Abstract
Background
Testing for COVID-19 remains limited in the United States and across the world. Poor allocation of limited testing resources leads to misutilization of health system resources, which complementary rapid testing tools could ameliorate.
Objective
To predict SARS-CoV-2 PCR positivity based on complete blood count components and patient sex.
Study design
A retrospective case-control design for collection of data and a logistic regression prediction model was used. Participants were emergency department patients > 18 years old who had concurrent complete blood counts and SARS-CoV-2 PCR testing. 33 confirmed SARS-CoV-2 PCR positive and 357 negative patients at Stanford Health Care were used for model training. Validation cohorts consisted of emergency department patients > 18 years old who had concurrent complete blood counts and SARS-CoV-2 PCR testing in Northern California (41 PCR positive, 495 PCR negative), Seattle, Washington (40 PCR positive, 306 PCR negative), Chicago, Illinois (245 PCR positive, 1015 PCR negative), and South Korea (9 PCR positive, 236 PCR negative).
Results
A decision support tool that utilizes components of complete blood count and patient sex for prediction of SARS-CoV-2 PCR positivity demonstrated a C-statistic of 78 %, an optimized sensitivity of 93 %, and generalizability to other emergency department populations. By restricting PCR testing to predicted positive patients in a hypothetical scenario of 1000 patients requiring testing but testing resources limited to 60 % of patients, this tool would allow a 33 % increase in properly allocated resources.
Conclusions
A prediction tool based on complete blood count results can better allocate SARS-CoV-2 testing and other health care resources such as personal protective equipment during a pandemic surge.

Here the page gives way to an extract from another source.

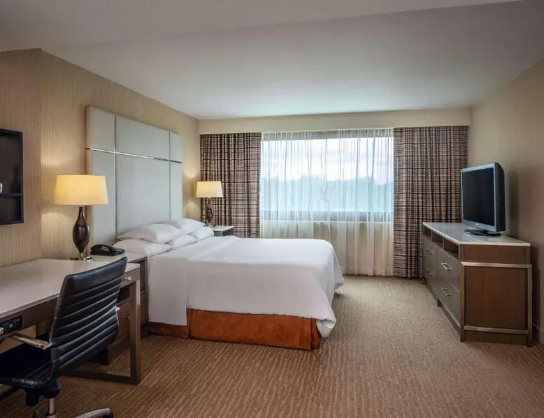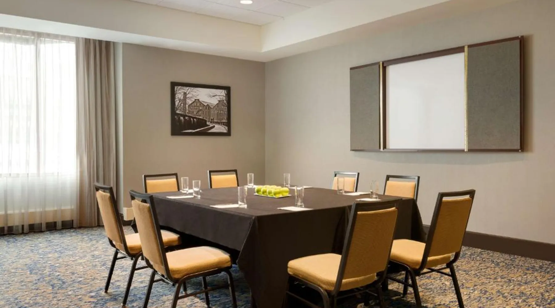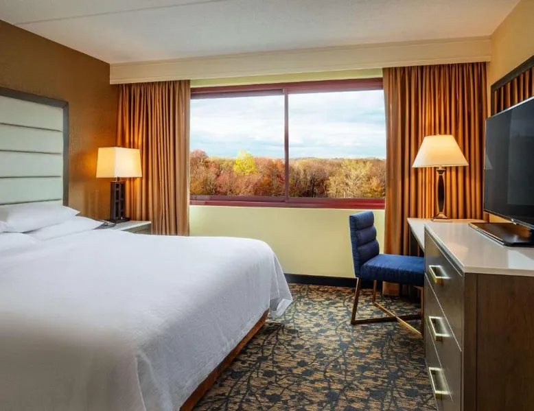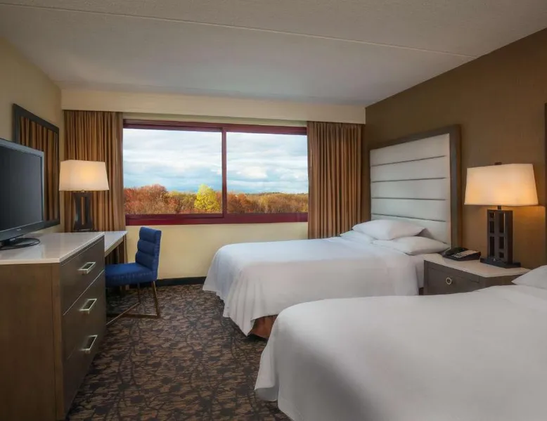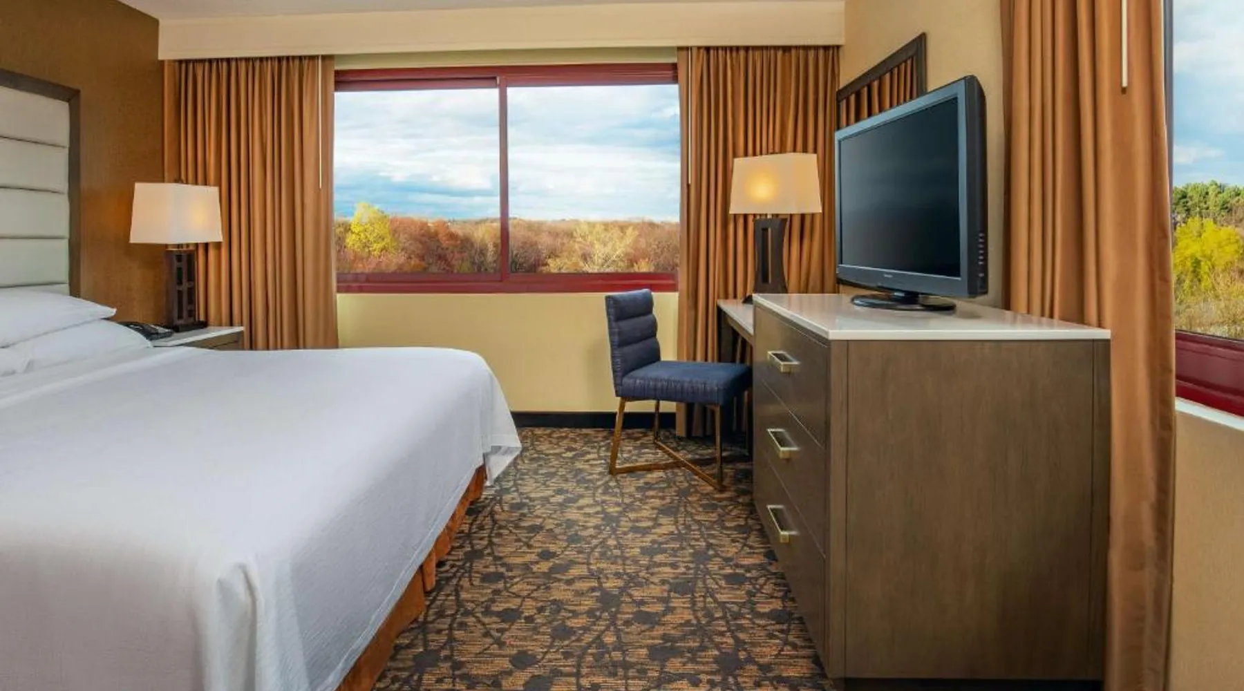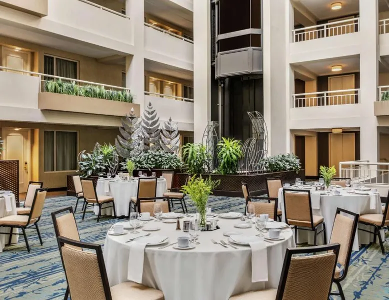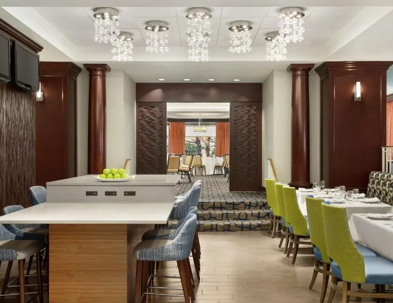 Located off Interstate 95 in Waltham, Massachusetts, this hotel is within a 20-minute drive from Brandeis University and Bentley University. It features on-site dining and a heated indoor pool. Each suite at this Waltham Embassy Suites is decorated in Americana colors and includes a seating area with a sofa bed and 40 inch Smart TVs with Hilton Connect, which allows you to log into your Netflix or Showtime Accounts. A large work desk is provided as well as a microwave and refrigerator. The on-site gym features a variety of cardio equipment and free weights. A 24-hour convenience store and a business center are located off of the lobby. The Grille at Hobbs Brook, also part of this Waltham hotel, serves contemporary American dishes. Its breakfast buffet includes eggs, pancakes, and fresh fruit. The Atrium Lounge is located on the eight floor and offers drinks in a casual atmosphere. Hanscom Air Force Base is 6.3 mi from Embassy Suites Boston Waltham. Downtown Boston is 14 mi away. This one-bedroom suite features a refrigerator and a microwave. It has a separate living area with a sofa bed, and a 40-inch Smart TV with Hilton Connect (Netflix or Showtime capabilities).

Keywords: COVID-19, SARS-CoV-2, Rapid testing, Machine learning, Prediction tool
Health care systems worldwide are struggling to meet the demands of the severe acute respiratory syndrome coronavirus 2 (SARS-CoV-2) pandemic [1]. Weeks after local transmission was first recognized in the US, laboratory testing for COVID-19, the disease caused by SARS-CoV-2, was limited by assay complexity and reagent shortages. Limited testing and long turnaround times led to misutilization of resources resulting in strained health systems in high burden regions. While testing capacity is improving, alternative testing approaches and specimen sources are needed to handle COVID-19 surges, particularly in low-resource health systems. The aim of this study was to develop a decision support tool that integrates readily available routine lab values to predict negative SARS-CoV-2 results in patients presenting to the emergency department (ED). Use of this tool could reserve confirmatory SARS-CoV-2 testing and health system resources such as personal protective equipment and isolation rooms for those patients more likely to have COVID-19 (Fig. 1 ).
A number of studies reported associations between certain non-SARS-CoV-2 test results and COVID-19 disease [2,3]. We therefore collected complete blood count (CBC) data from 3/1/2020 to 3/20/2020 ordered within 24 h of a SARS-CoV-2 PCR [4] (based off of the WHO assay) order, which resulted in a dataset of 33 confirmed SARS-CoV-2 PCR positive and 357 PCR negative ED patients at Stanford Health Care. CBC were generally concurrently ordered on ED patients with an Emergency Severity Index [5] (ESI) 1–3 and 50 % of ED patients with SARS-CoV-2 PCR tests had an accompanying CBC. ED patients with both CBC and SARS-CoV-2 PCR tests were therefore of older age (median 59 years old) compared to ED patients with SARS-CoV-2 PCR tests alone (median 37 years old), with a similar sex ratio and rate of SARS-CoV-2 PCR positivity. CBC orders were placed before positive SARS-CoV-2 PCR tests resulted and 83 % of patients had CBC orders placed within 4 h of the PCR order.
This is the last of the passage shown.